I tried to explain that much of the savings comes from increased competition among health-care providers, and more efficient delivery of services, but they were not convinced. It was impossible for them to believe that the government is capable of making any market more efficient.  Nov. 25, 2013

  • Bob Brown  \  Tallahassee, FL
Our 57 year old housekeeper pays about $1000/month for basic catastrophic health insurance on the private market. She cleans 40 houses per month at $50 apiece, so insurance consumes fully half of her effort, before taxes. She is a classic illustration of the need for Obamacare. We live in Florida where the governor and legislature have adamantly opposed forming a state exchange, so the success of Healthcare.gov is critical. She has no computer, so I volunteered to go onto Healthcare.gov for her. It was frustrating for nearly six weeks, but recently I succeeded in getting through the website without much waiting, and here's what I found. Without federal subsidies, she can get a basic Bronze plan for $467, comparable to what she has now for $1000; with subsidy, that plan is $358, so she would save about $600/month. At the opposite end of the scale, a Platinum plan would cost $723 without subsidy, or $554 with subsidy. So for about half of her current insurance cost, she would have adult dental coverage, a group total deductible of $850, and maximum out-of-pocket of $2500, with copays of $15 primary, $20 specialist, and $10 generic prescription.

The Republicans who continue to try to destroy this program are bullies, liars, and little short of evil. We must work every day to run them out of office and regain sanity and humanity to our government.
Nov. 25, 2013

  • Robert Watson  \  New York
Republicans have been standing in the way of universal healthcare for over 75 years. It's a bankrupt party that has nothing to offer the country. The rollout is a glitch that will be solved. The major problem to healthcare remains what it has been all along: Republicans.

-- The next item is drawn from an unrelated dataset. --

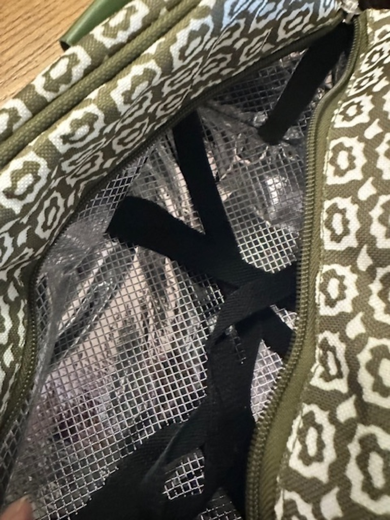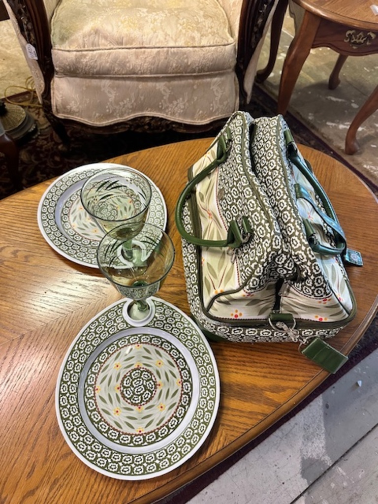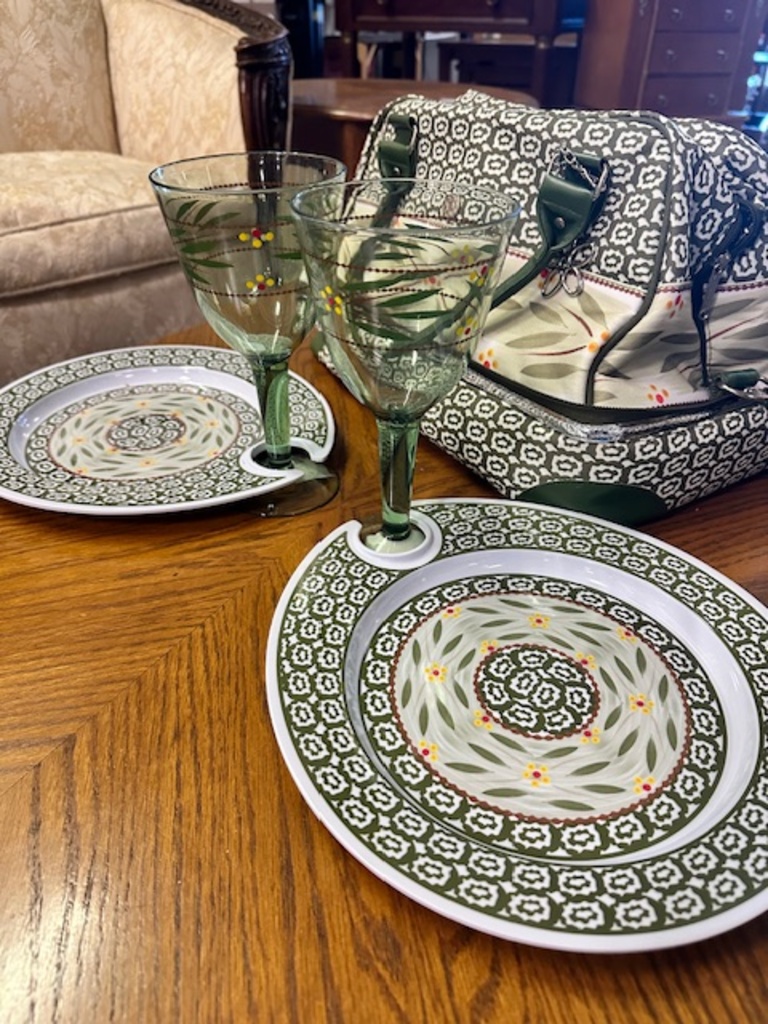 This adorable picnic basket includes two plates and two wine glasses. Inside is insulated. And there is a compartment on the bottom as well!

Republicans will come regret calling the healthcare Obamacare. It time the media starts referring to Social Security and Medicare by their proper names: Rooseveltcare and Johnsoncare. The uncaring Republicans deserve it.  Nov. 25, 2013

  • Anetliner Netliner  \  Washington, DC area
There's a second important story here, of course: that your friend in Virginia once had a six figure job with the IMF, but is now subsisting on short-term project work. The U.S. economy has shed many workers with strong skills. I'm glad that your friend has procured health insurance. Now he needs a stable job, as do so many others.  In reply to Aaron Walton  Nov. 24, 2013

  • Salman  \  Fairfax, VA
The sooner Americans realize that they are paying a massive tax to the private sector in the form of health insurance premiums and deductibles, the sooner they may realize that their money is better spent without the middle man in the picture.

Direct insurance through taxes (single payer) with the option to buy supplemental private plans (a la Medicare) will provide what will amount to be the most cost-effective and comprehensive option for Americans who want health insurance.

I understand why Americans hate paying higher taxes. I don't understand why they don't mind paying even more money to the private sector for less comprehensive returns on their investment.  Nov. 25, 2013

Wouldn't it be simply beyond words if that last comment was from Salman Rushdie?